THE reduction of the limit for sequestration proceedings at the end of this week could spark a flurry of smaller businesses in Scotland being made bankrupt, according to legal firm Gilson Gray.
On September 30, the limit for pursuing sequestration will be lowered from £10,000 to £5,000. It was originally increased from £3,000 to £10,000 at the start of the Covid-19 pandemic to provide support for smaller businesses and sole traders, in particular.
Unlike under English law, in Scotland a creditor cannot force an individual to sell their property to repay a debt. Instead, they have to pursue sequestration – also known as bankruptcy – to recover the money they are due.
Any creditor owed debts of between £5,000 and £10,000 will, from the beginning of October, be able to pursue legal action by beginning the proceedings for bankruptcy against anyone who has so far refused to repay.
As at March 2021, businesses with no employees – sole proprietors and partnerships comprising only the owner-managers, or companies with only the employee director – accounted for 68.6% (236,220 businesses) of all private sector businesses in Scotland.
The bankruptcy of the principal individual in these businesses could impact their own business, and also its customers and suppliers. The raising of the limit is expected to particularly affect supply chain industries such as construction, which has the most self-employed workers in the UK.
David Alexander, head of debt recovery at Gilson Gray, explained, “The increasing of the sequestration limit to £10,000 was designed to give financial breathing space to small businesses and sole traders during the worst of the pandemic. However, there are many debts that have never been repaid and the reduction of the limit to £5,000 is likely to see more companies try to recover money they are rightfully due and may well need to protect their own interests – especially with the economy expected to take a turn for the worse.
“It is important to take action now, rather than waiting for the deadline to pass, even if you already have a decree or judgment allowing you to recover the debt. These processes take time and there will almost inevitably be a backlog of cases.”
Steven Jansch, head of insolvency at Gilson Gray, added, “Even if businesses are not directly affected by the sequestration limit change, they will want to carefully consider if it affects their supply chain – this is particularly true in sectors like construction, where subcontractors and tradespeople are often sole traders or self-employed. If one project is unfortunate enough to have multiple suppliers affected, then steps can be taken now to sanitise debtor books, mitigate potential disruption, and to seek out potential alternatives to preserve a project’s completion date.
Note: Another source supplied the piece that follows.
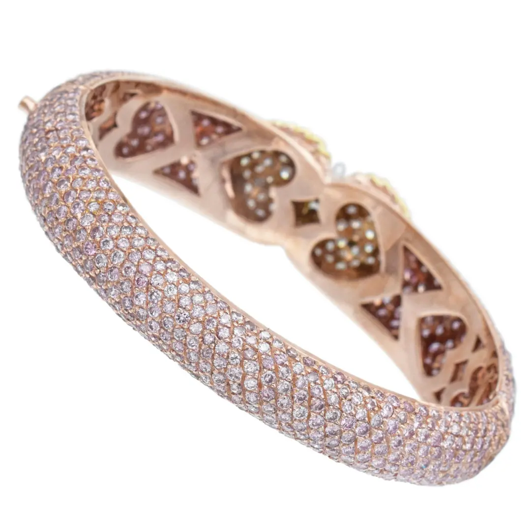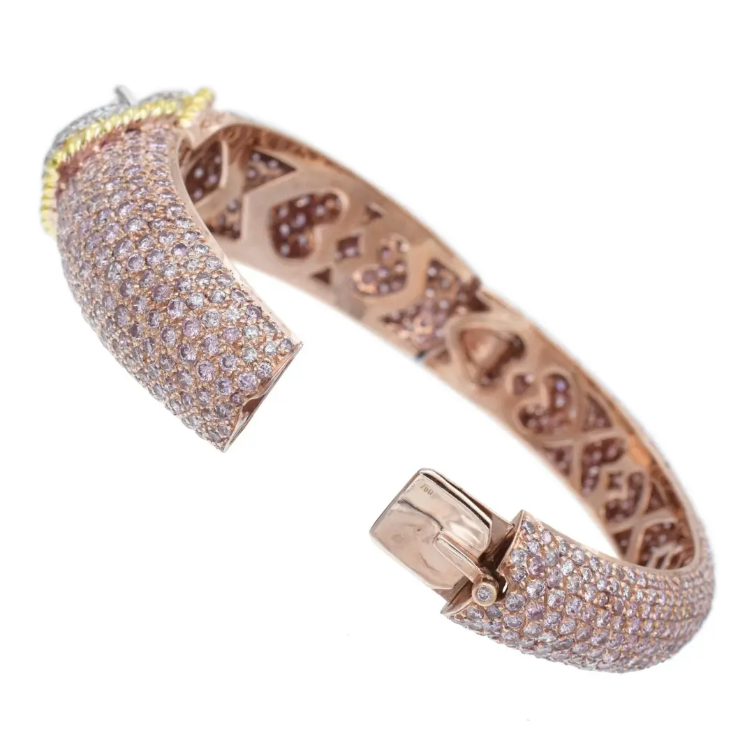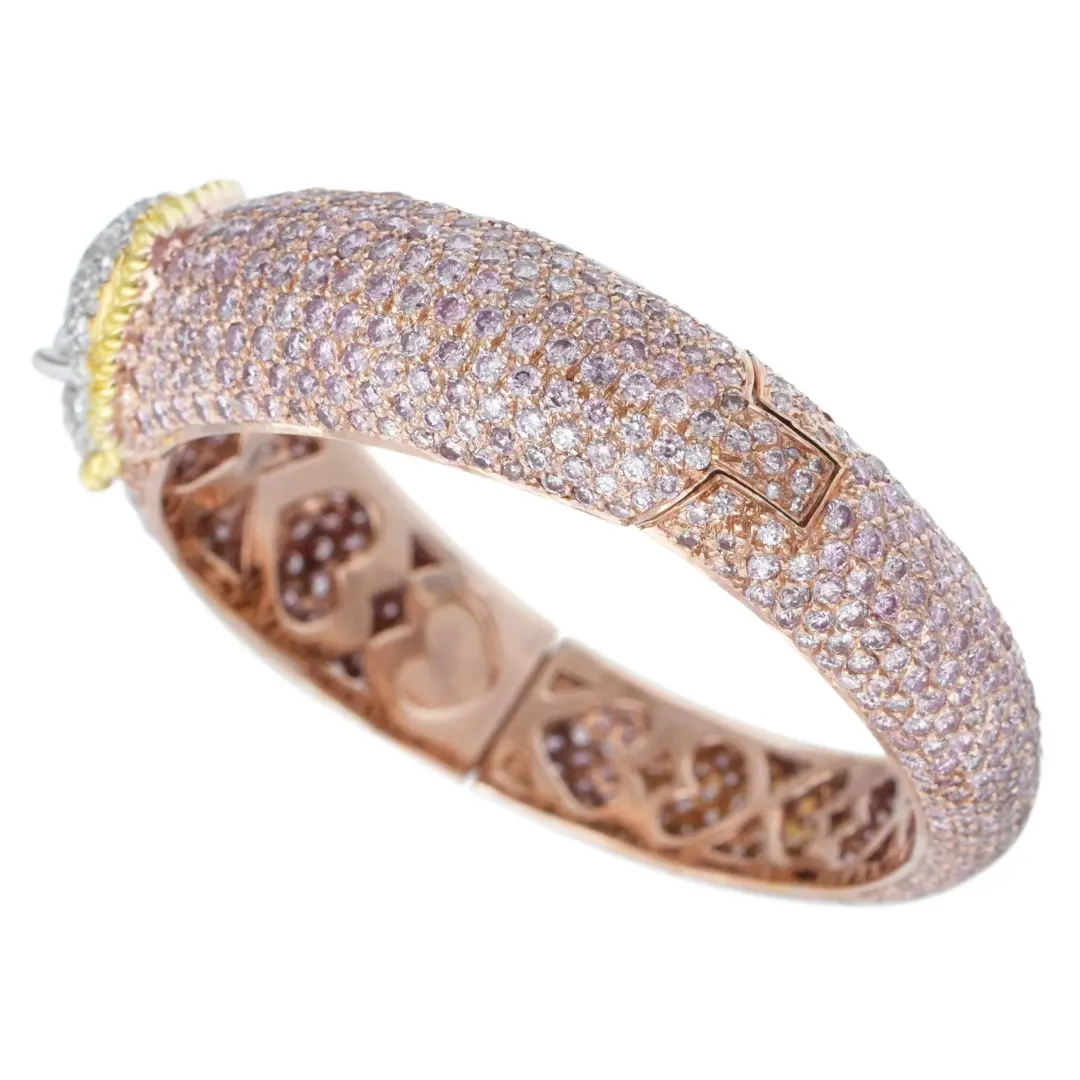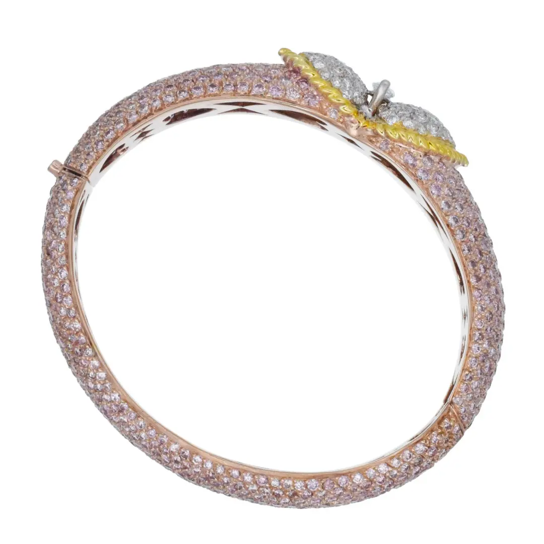 This exquisite bangle features approximately 660 round pink diamonds totaling around 20 carats, complemented by 68 round white diamonds totaling about 2 carats, and a single marquise-cut diamond of approximately 1 carat. Each diamond is meticulously handset to achieve perfect symmetry and brilliance. The intricate arrangement highlights the natural charm of the pink stones while the white diamonds add a radiant contrast. The inner band is smoothly polished for comfort, and the exterior radiates sophistication with its seamless transitions between three gold tones.

“It is also worth considering whether action is worth pursuing. Any individual creditor may be one in a long line, so if the debtor is made bankrupt they may receive little of their debt back and they may not recover the cost of the court process, which they have had to pay for to get to that stage.
“There are options for a business on the wrong side of the change which are hit with a creditor bankruptcy petition. ‘Recall of the sequestration’ may be an option, but if the petition proceeds on the back of a court decree, it is usually already too late. Any business or person faced with mounting debts, in particular those facing creditors threatening bankruptcy proceedings, must seek professional advice before they end up in court.”